Избу освещала лучина, пламя которой колебалось с запаздыванием, но в такт порывам воющей за стенами метели. Хозяин в надвинутой на брови лисьей шапке, холщовой рубахе навыпуск и портах сидел на лавке за столом и плел силок из конского волоса, длинного и белого. Короткие и широкие пальцы с серыми потресканными ногтями двигались неловко, часто упускали волосины, и тогда мужчина недовольно шевелил мясистыми, вывороченными ноздрями. Работа настолько увлекла его, что не услышал стук в дверь, а когда она заскрипела петлями, открываясь, испуганно вздрогнул и прикрыл силок телом, будто был застукан за кражей этого ловчего орудия.

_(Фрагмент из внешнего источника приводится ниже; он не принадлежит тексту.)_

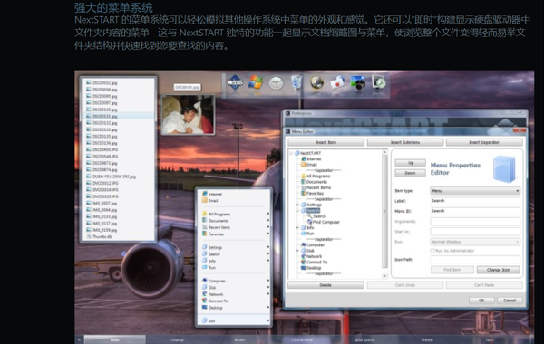 NextSTART 模块可替代 Windows 开始菜单和任务栏,包含开始按钮、快速启动区、任务列表区等多个部分,功能比系统内置任务栏更丰富。

В избу вошла женщина в белых валенках, длинном овчинном тулупе и сером пуховом платке, повязанном так, что открытыми оставались лишь глаза, большие и черные, с длинными ресницами, на которых быстро таяли снежинки. Снег лежал и на платке, и на тулупе, и на валенках – казалось, что женщина нарочно вывалялась в сугробе перед тем, как войти в жилище.
– Вечер добрый! – поздоровалась она голосом, немного приглушенным платком. – Ну и метель! К утру по самые крыши снега навалит, из дому не выберешься! – Стоя у порога, она отряхнула снег с тулупа и, поднеся ко рту розовые ладошки, подышала на них через платок.
Хозяин не ответил на приветствие и даже не глянул на гостью, продолжая горбиться за столом.
– Что ж сесть не предлагаешь?! – насмешливо спросила она. – Али не рад гостю?!
Она прошла к столу, встала напротив хозяина и, наклонив голову к левому плечу, заглянула ему в лицо. Пламя лучины, горевшей над столом, заколебалось сильнее, будто изображало борьбу двух характеров, которая велась взглядами. Мужской оказался слабее: хозяин потупился и сгорбился еще сильнее.
Женщина медленно закрыла глаза, стряхнув с ресниц маленькие, играющие оранжевым светом капельки, и медленно открыла их.
– Зачем пришла – знаешь? – спросила она.
– Нет, – буркнул хозяин.
– Ну да, откуда тебе, бирюку, знать: ни в церковь, ни в лавку, даже к колодцу не ходишь! – с издевкой произнесла она и, переменив тон на серьезный, рассказала: – Сестру мою старшую замуж выдают. За моего… Старшая ведь должна первой замуж выходить, приданого за ней больше дают – вот он, сокол ненаглядный, и променял меня…
– Я-то тут причем?
– А при том, что не бывать ей его женой! Что хочешь сделай, а помешай! Хоть зельем отворотным опои, хоть отравой, а разладь свадьбу!